Dubai Hospitality Trends 2026: What Guests Actually Want And What Operators Need To Do About It

Yenta Technology
2025

A data driven look at Dubai dining trends in 2026.

By Yenta, the AI lifestyle liason.

Dubai is not in recovery mode. It is in growth mode.

In 2024, Dubai welcomed 18.72 million international overnight visitors, a record high and about 9 percent more than 2023, according to Dubai’s Department of Economy and Tourism. Hotel occupancy frequently hit the eighty to ninety percent range during peak periods, and the city kept its spot as one of the world’s top tourism and spending hubs.

The demand is there. The problem for operators is not “how do we get people to eat out” but “how do we win the nights that matter and stay relevant in a city with thousands of options.”

This piece breaks down what the data actually says about Dubai dining behavior in 2025 and how operators can respond. It also shows where tools like Yenta and the Yenta Partner Program fit into that picture.

1. Discovery Is Online And Social First, Not Optional

Guests are making decisions on their phones long before they ever see your host stand.

From the 2025 UAE Restaurant Industry Trends report by SevenRooms:

  • 99 percent of UAE diners use online resources to find new restaurants.
  • 74 percent use social media to discover new spots.
  • About one in four discover restaurants through influencers.
  • Nearly 44 percent of operators on common booking platform offer direct booking via Instagram.

Around one in three consumers discover restaurants on Google and 60 percent of operators plan to invest in Google Ads in 2025.

Gulf Business reports a similar picture. Ninety nine percent of UAE diners rely on online platforms to find places to eat, with social media and Google as the top two channels.

Operator reality:

If your Instagram and Google Business Profile do not show clear photos, current menus, price cues, booking options, and your actual vibe, you are losing guests before they ever consider you.
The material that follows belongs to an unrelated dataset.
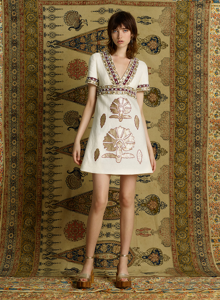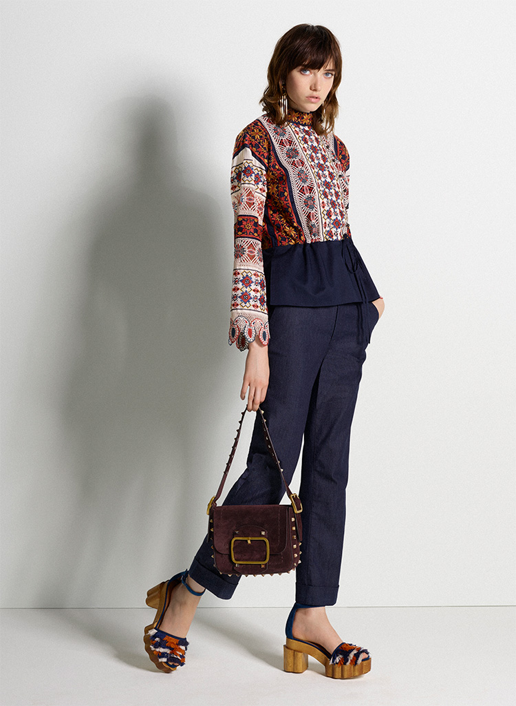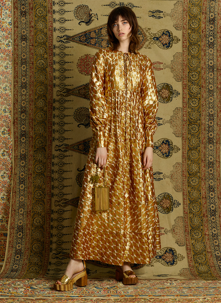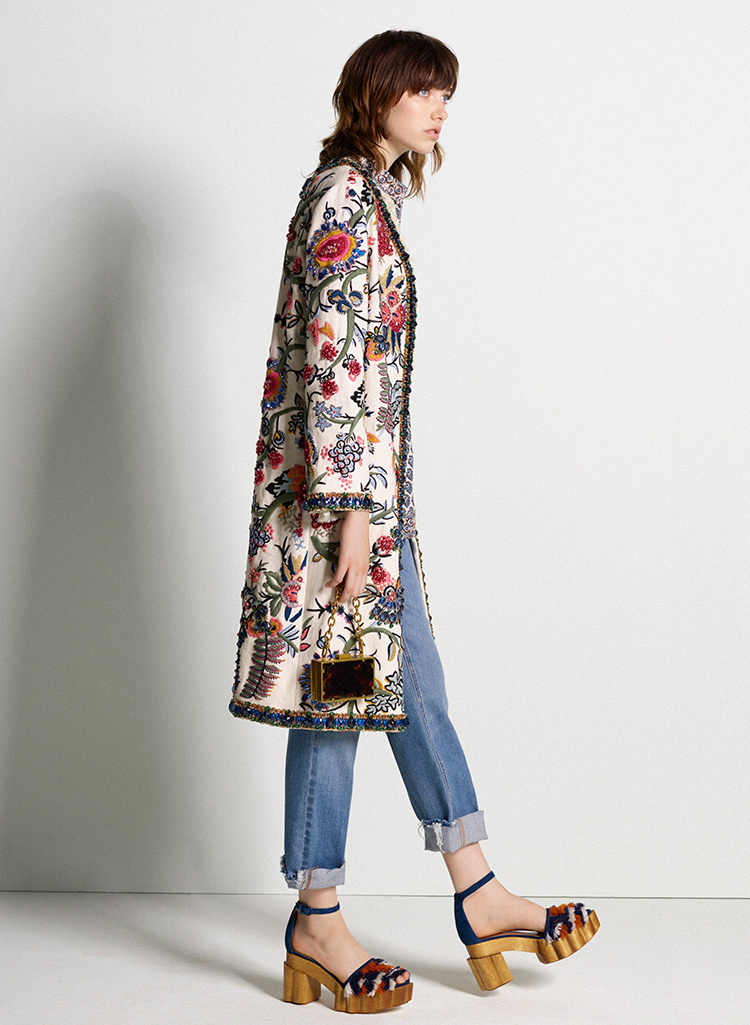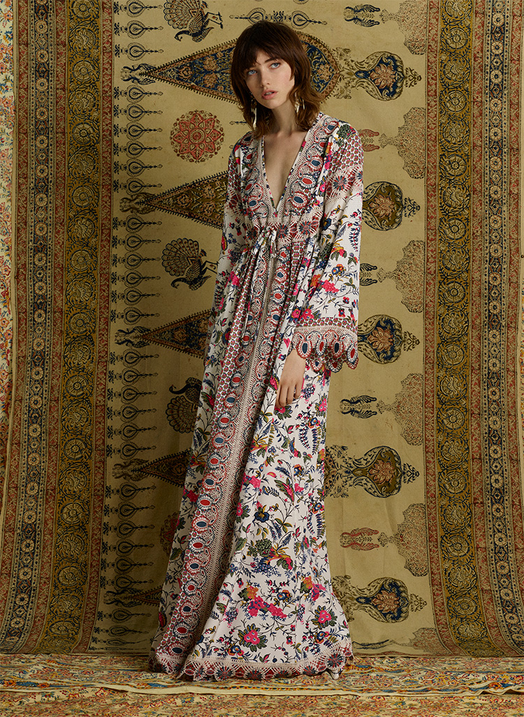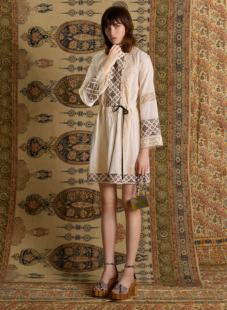 “Pre-Fall 2017 was inspired by Gabriella Crespi’s life — from Milan to India, cosmopolitan to bohemian chic. We paired crisp tailoring and fluid shapes, streamlined and textured fabrics, geometric patterns and rich florals and embroideries. Crespi’s work and her love of natural and mixed materials influenced our accessories: carved-wood platforms, inlaid minaudières and porcupine-quill earrings.” – Tory Burch

This is also exactly where Yenta plays. Guests who are overwhelmed by search and social noise come into WhatsApp and ask for “romantic but not stiff in DIFC” or “sea view, sunset, shisha, not too loud.” Yenta filters the mess and routes them to a small number of venues that actually fit.

2. Guests Are Eating Out Slightly Less Often, But They Are More Intentional When They Do

YouGov’s UAE Dining Out Report 2025 is clear.

  • 31 percent of UAE residents say they are eating out less often than a year ago.
  • 54 percent say they have changed their dining preferences to save money.
  • 55 percent actively seek discounts or coupons, and that figure rises to 68 percent among women.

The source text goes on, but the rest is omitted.